Dataset entries:
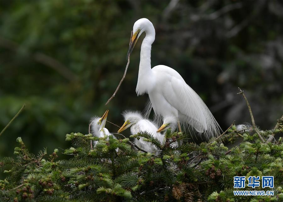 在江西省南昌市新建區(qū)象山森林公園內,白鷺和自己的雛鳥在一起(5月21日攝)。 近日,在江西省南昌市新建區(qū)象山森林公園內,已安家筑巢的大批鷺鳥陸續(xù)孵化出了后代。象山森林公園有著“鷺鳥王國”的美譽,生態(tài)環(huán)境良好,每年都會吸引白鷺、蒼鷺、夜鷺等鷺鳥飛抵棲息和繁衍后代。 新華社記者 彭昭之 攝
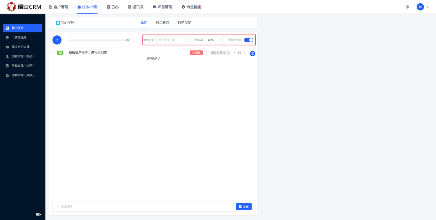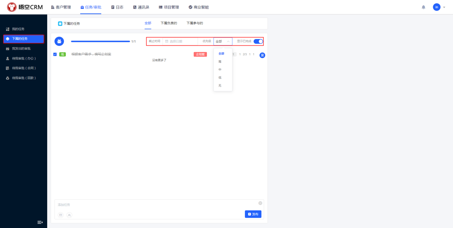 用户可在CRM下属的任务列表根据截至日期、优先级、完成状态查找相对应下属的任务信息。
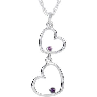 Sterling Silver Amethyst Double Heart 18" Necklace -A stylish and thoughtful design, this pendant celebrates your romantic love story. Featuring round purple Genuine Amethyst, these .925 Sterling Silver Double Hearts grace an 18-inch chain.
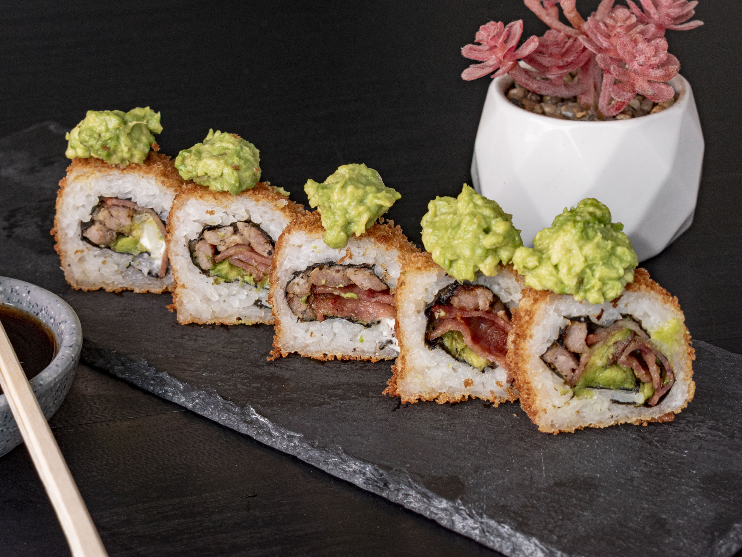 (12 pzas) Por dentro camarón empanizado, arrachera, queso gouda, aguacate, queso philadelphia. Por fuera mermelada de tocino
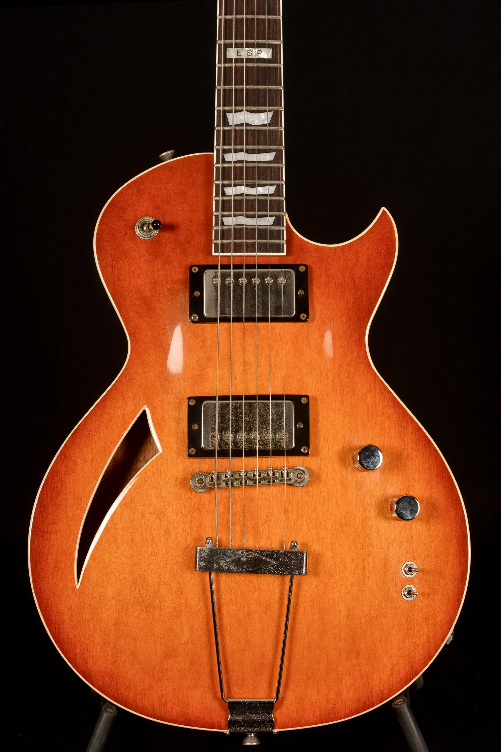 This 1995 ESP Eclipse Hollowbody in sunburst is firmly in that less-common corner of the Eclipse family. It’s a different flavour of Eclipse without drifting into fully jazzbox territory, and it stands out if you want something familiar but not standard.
...
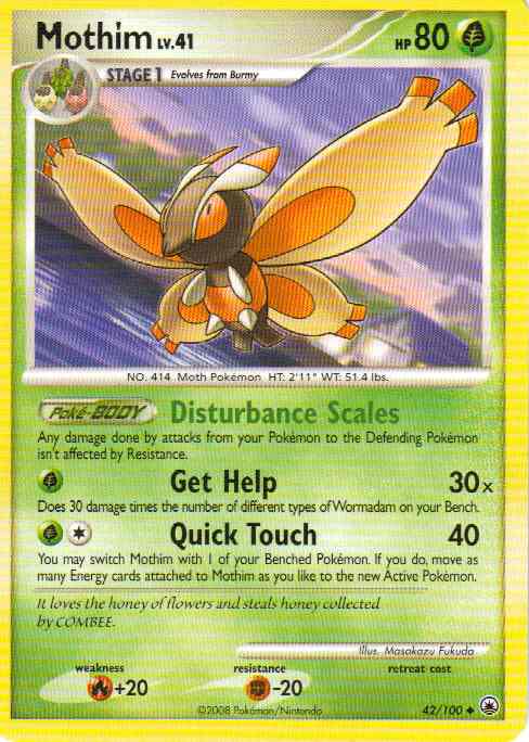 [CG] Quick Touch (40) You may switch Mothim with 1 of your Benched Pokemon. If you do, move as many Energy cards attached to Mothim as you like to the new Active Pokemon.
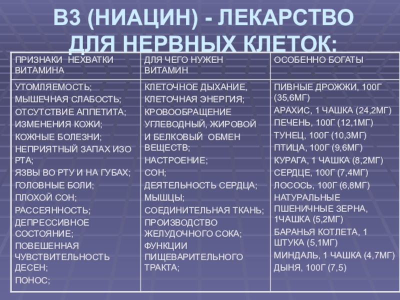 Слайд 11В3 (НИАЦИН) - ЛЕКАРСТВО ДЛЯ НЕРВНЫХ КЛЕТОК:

Task to complete: Starting from the line with "新華社記者 彭昭之 攝" in the records above, repeat each line exactly until you have written the line with "This 1995 ESP", then stop; drop the pictures.

The completed task:
 在江西省南昌市新建區(qū)象山森林公園內,白鷺和自己的雛鳥在一起(5月21日攝)。 近日,在江西省南昌市新建區(qū)象山森林公園內,已安家筑巢的大批鷺鳥陸續(xù)孵化出了后代。象山森林公園有著“鷺鳥王國”的美譽,生態(tài)環(huán)境良好,每年都會吸引白鷺、蒼鷺、夜鷺等鷺鳥飛抵棲息和繁衍后代。 新華社記者 彭昭之 攝
 用户可在CRM下属的任务列表根据截至日期、优先级、完成状态查找相对应下属的任务信息。
 Sterling Silver Amethyst Double Heart 18" Necklace -A stylish and thoughtful design, this pendant celebrates your romantic love story. Featuring round purple Genuine Amethyst, these .925 Sterling Silver Double Hearts grace an 18-inch chain.
 (12 pzas) Por dentro camarón empanizado, arrachera, queso gouda, aguacate, queso philadelphia. Por fuera mermelada de tocino
 This 1995 ESP Eclipse Hollowbody in sunburst is firmly in that less-common corner of the Eclipse family. It’s a different flavour of Eclipse without drifting into fully jazzbox territory, and it stands out if you want something familiar but not standard.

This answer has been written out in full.